- Opening Delimiter -

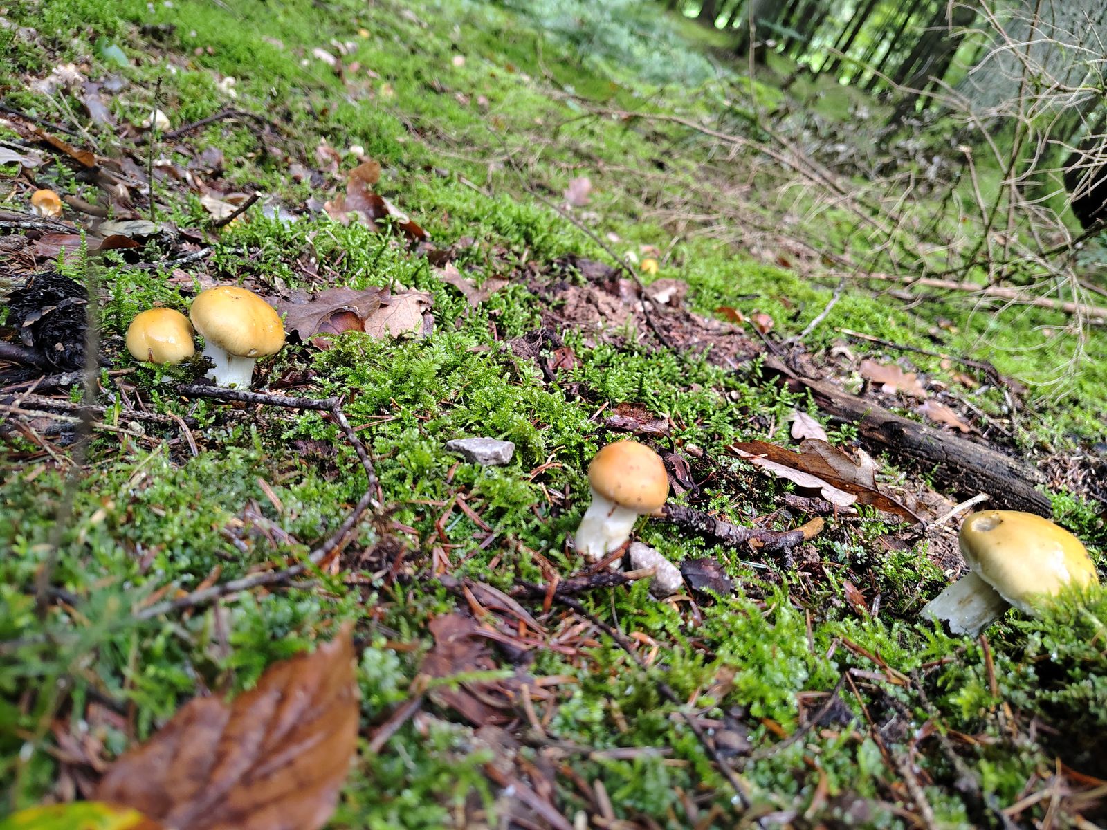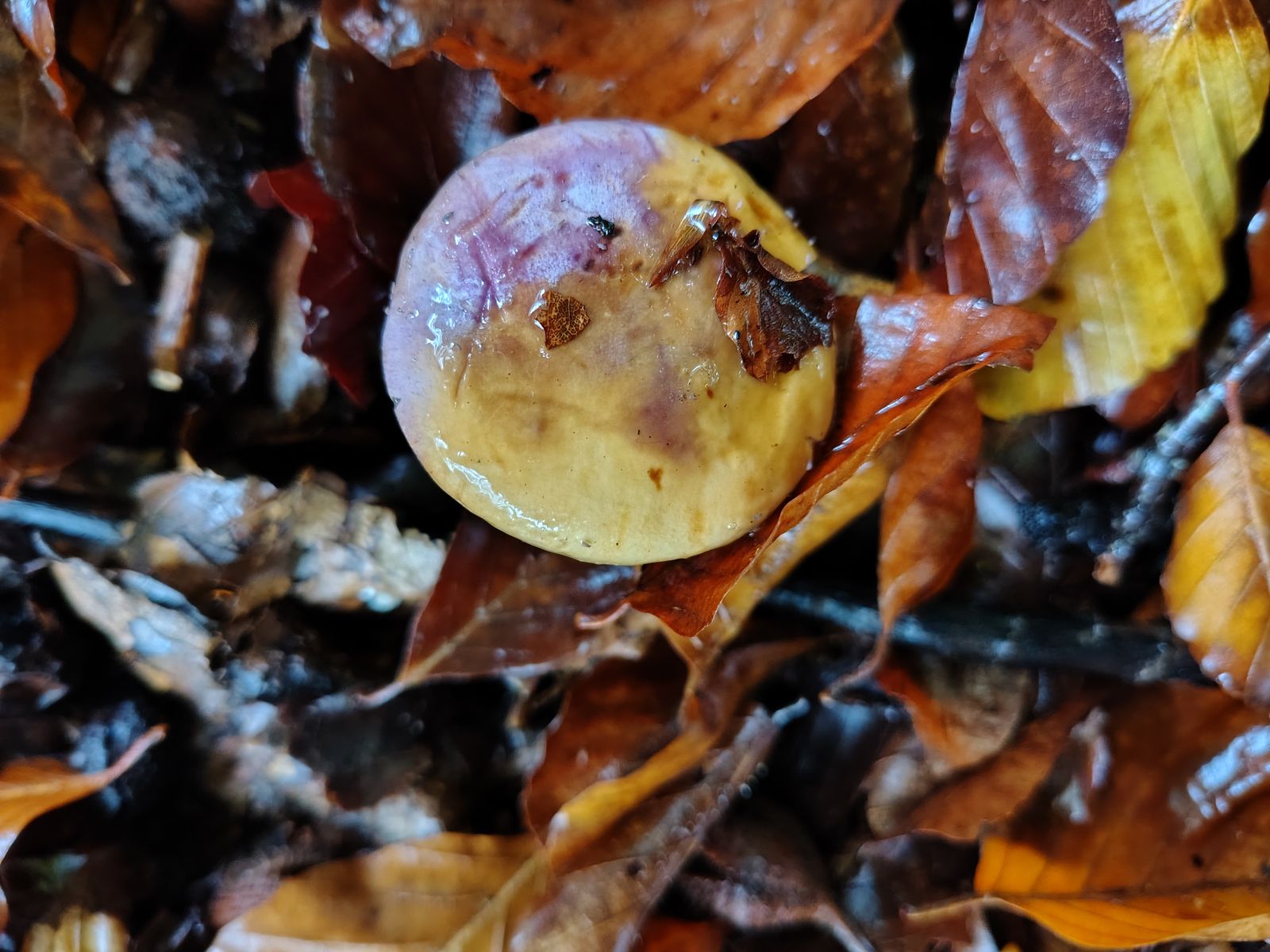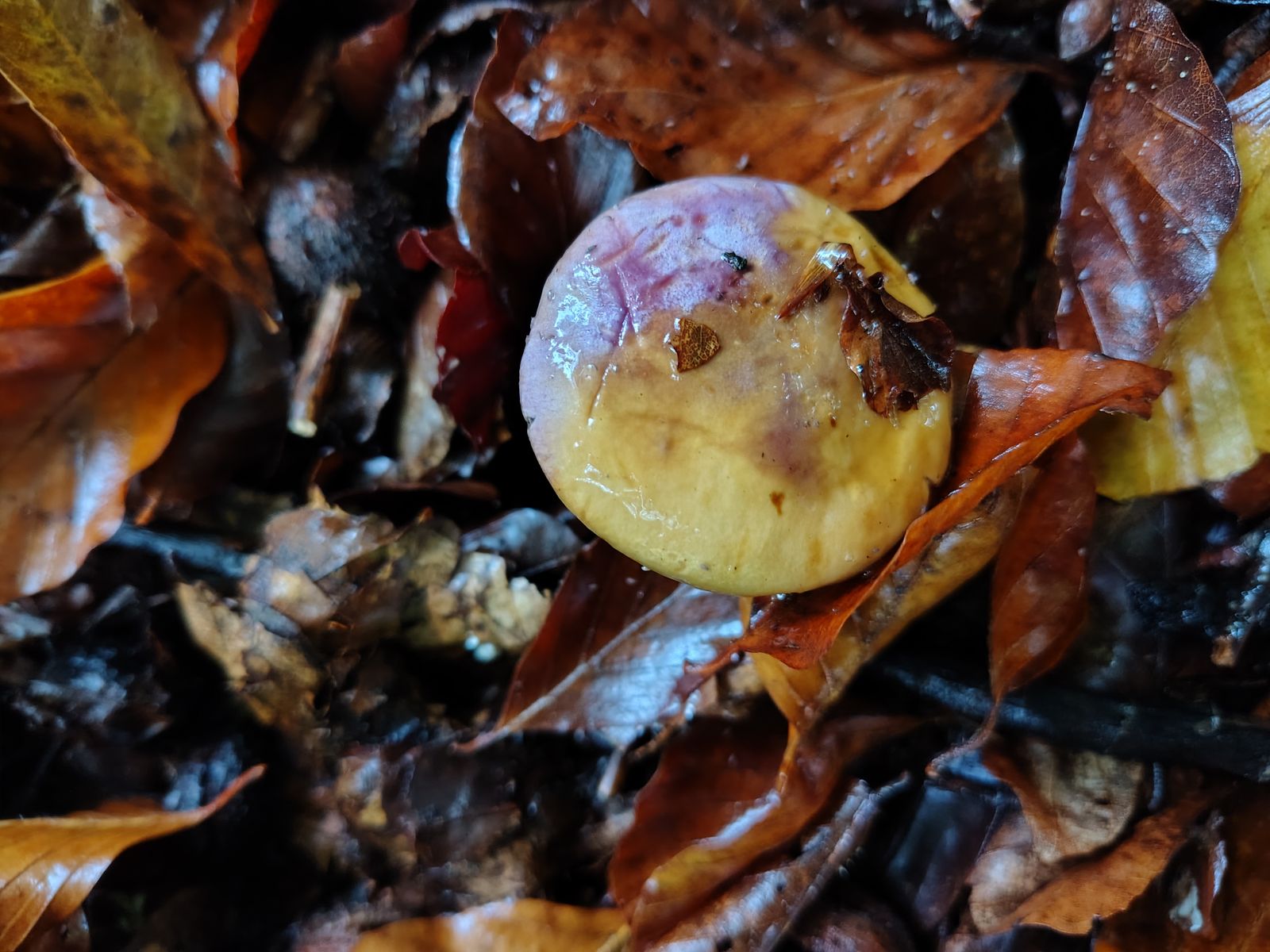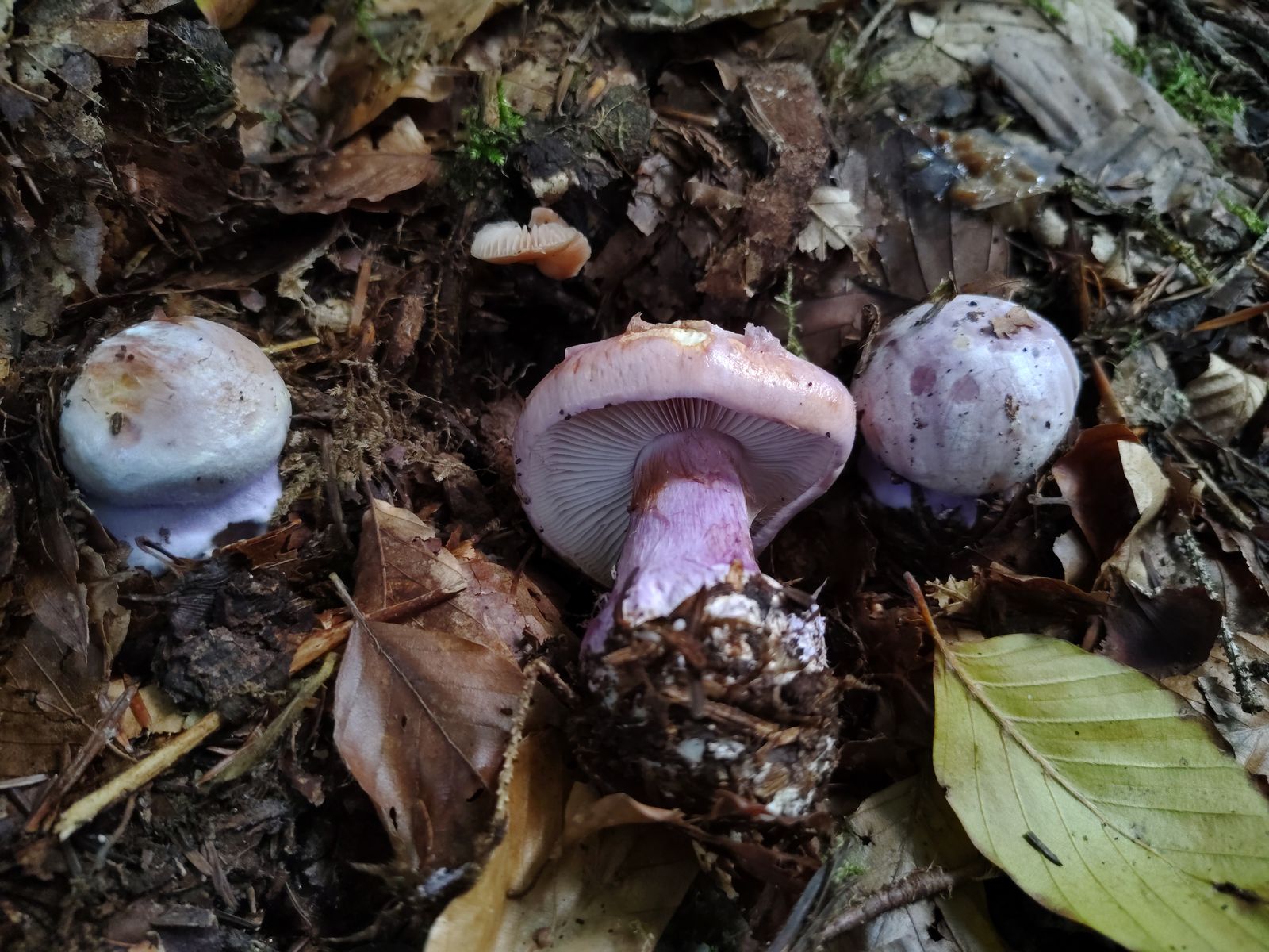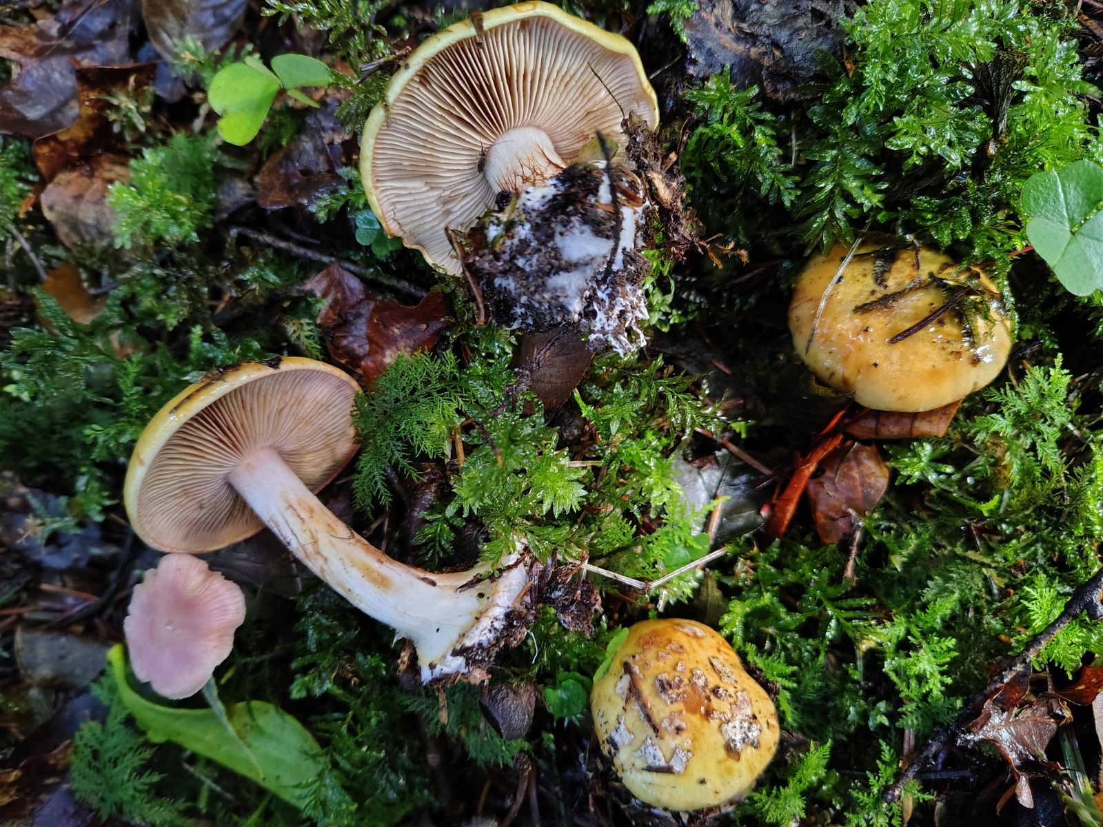 5. So. Ich denke einer aber eventuell auch mehrere herrliche Calochroi. Bei uralten Tannen, jungen Fichten und einer 5m Buche auf kräftigem Kalkboden ein riesiges Myzel dieser Art mit bestimmt 40 Fruchtkörpern. Erstmal die volle Kollektion:
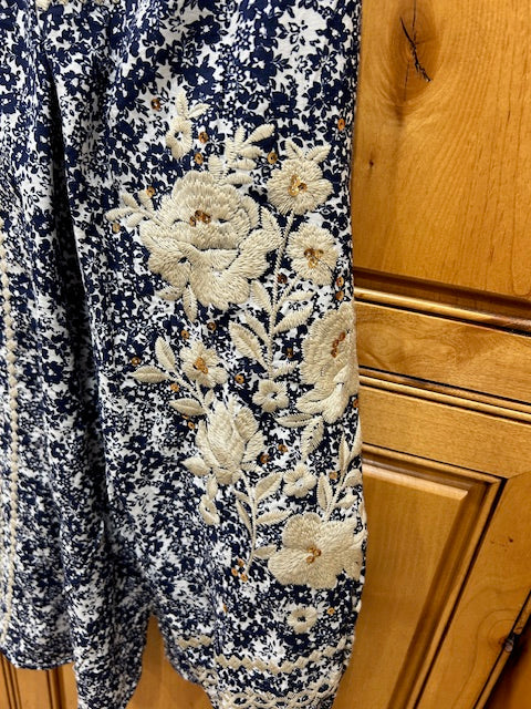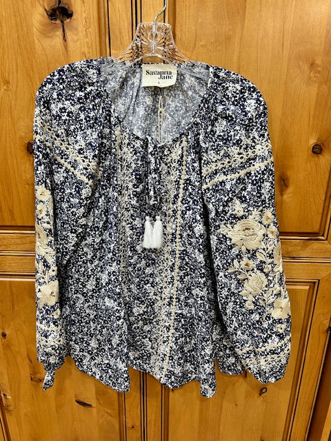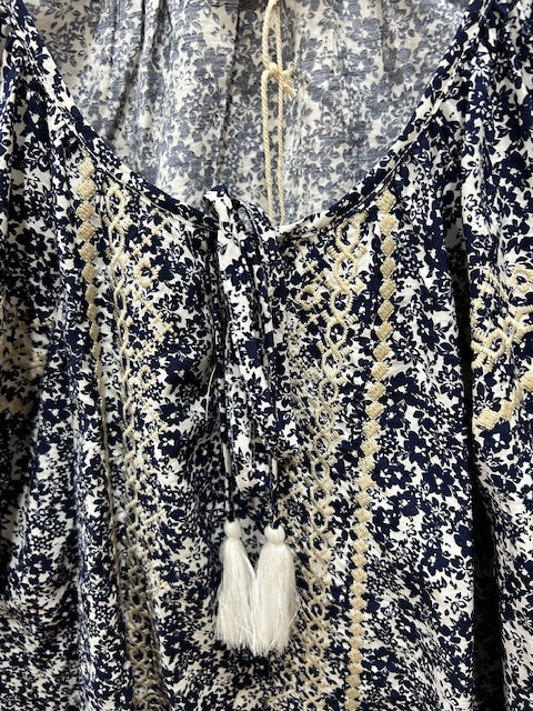 This flowy top has beautiful embroidered details. We love the loose fit and scoop neck with a tie string. Very popular top.
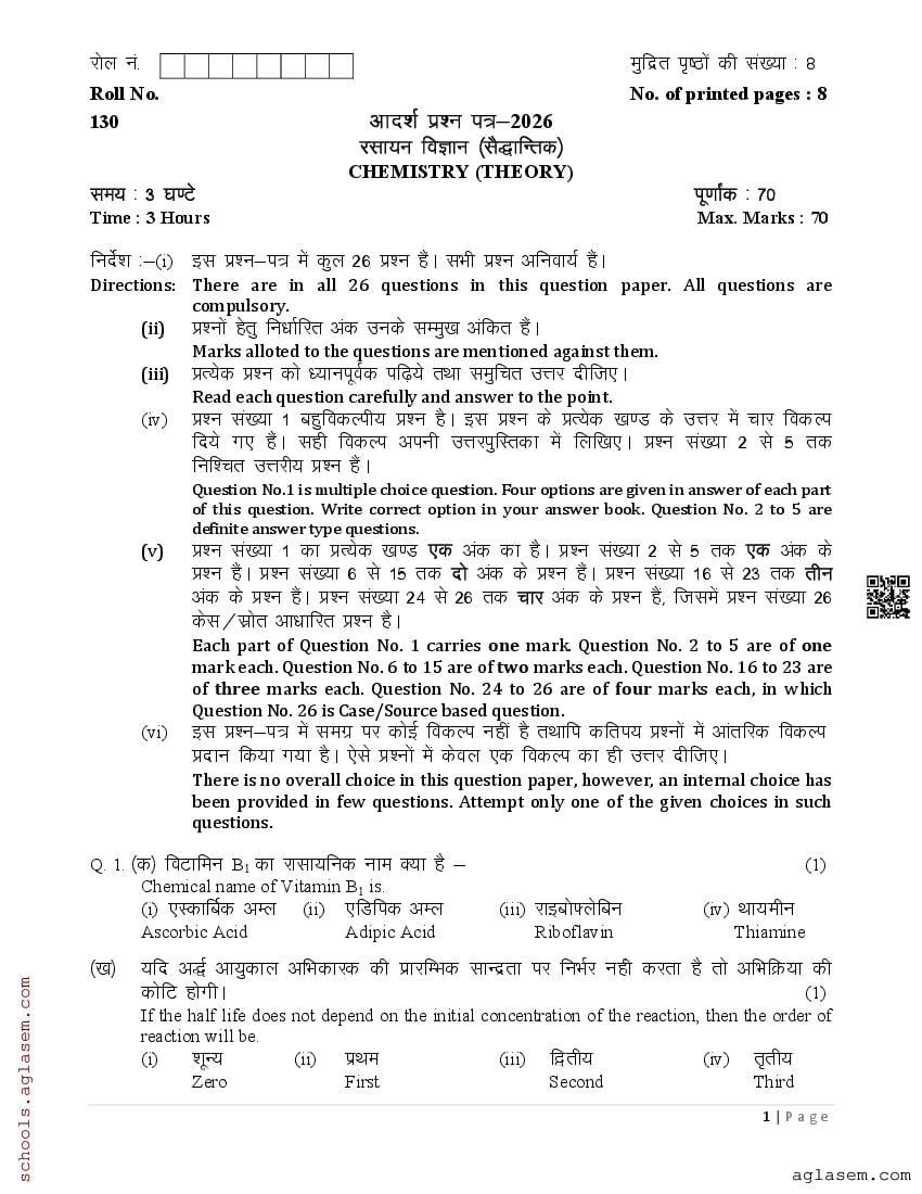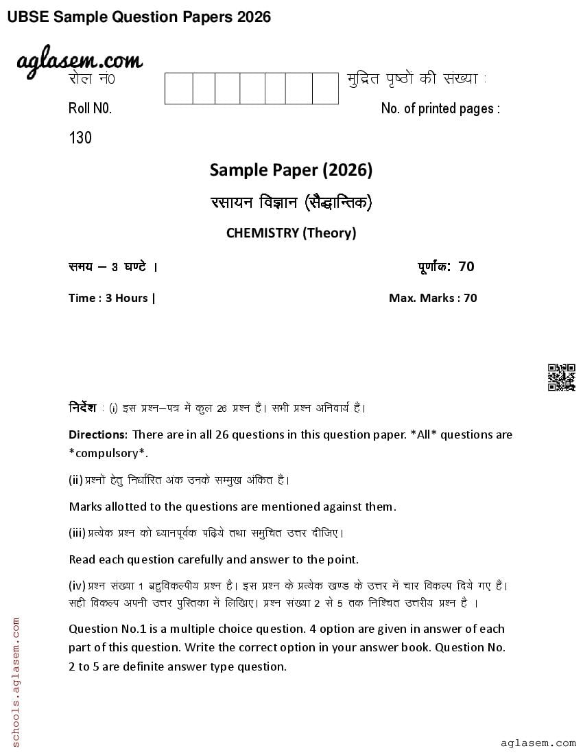 Uttarakhand Board Class 12th Chemistry Sample Paper 2026 has been released by UBSE. Therefore you can now download the UK Board 12th Model Paper for Chemistry PDF from here on aglasem. This UK Board class 12 model paper contains sample questions for Chemistry based on the latest syllabus. Moreover the class 12 sample paper has Chemistry questions in the same pattern as you will get in UK Board 12th Chemistry exam that will be held by Uttarakhand Board of School Education. Therefore solving this Chemistry model question paper increases your chances of getting 100% in UK Board exam.

- Closing Delimiter -

• **Your goal**: Retype the data exactly as it stands, but keep the images out of your copy.

• **Written response**:
 5. So. Ich denke einer aber eventuell auch mehrere herrliche Calochroi. Bei uralten Tannen, jungen Fichten und einer 5m Buche auf kräftigem Kalkboden ein riesiges Myzel dieser Art mit bestimmt 40 Fruchtkörpern. Erstmal die volle Kollektion:
 This flowy top has beautiful embroidered details. We love the loose fit and scoop neck with a tie string. Very popular top.
 Uttarakhand Board Class 12th Chemistry Sample Paper 2026 has been released by UBSE. Therefore you can now download the UK Board 12th Model Paper for Chemistry PDF from here on aglasem. This UK Board class 12 model paper contains sample questions for Chemistry based on the latest syllabus. Moreover the class 12 sample paper has Chemistry questions in the same pattern as you will get in UK Board 12th Chemistry exam that will be held by Uttarakhand Board of School Education. Therefore solving this Chemistry model question paper increases your chances of getting 100% in UK Board exam.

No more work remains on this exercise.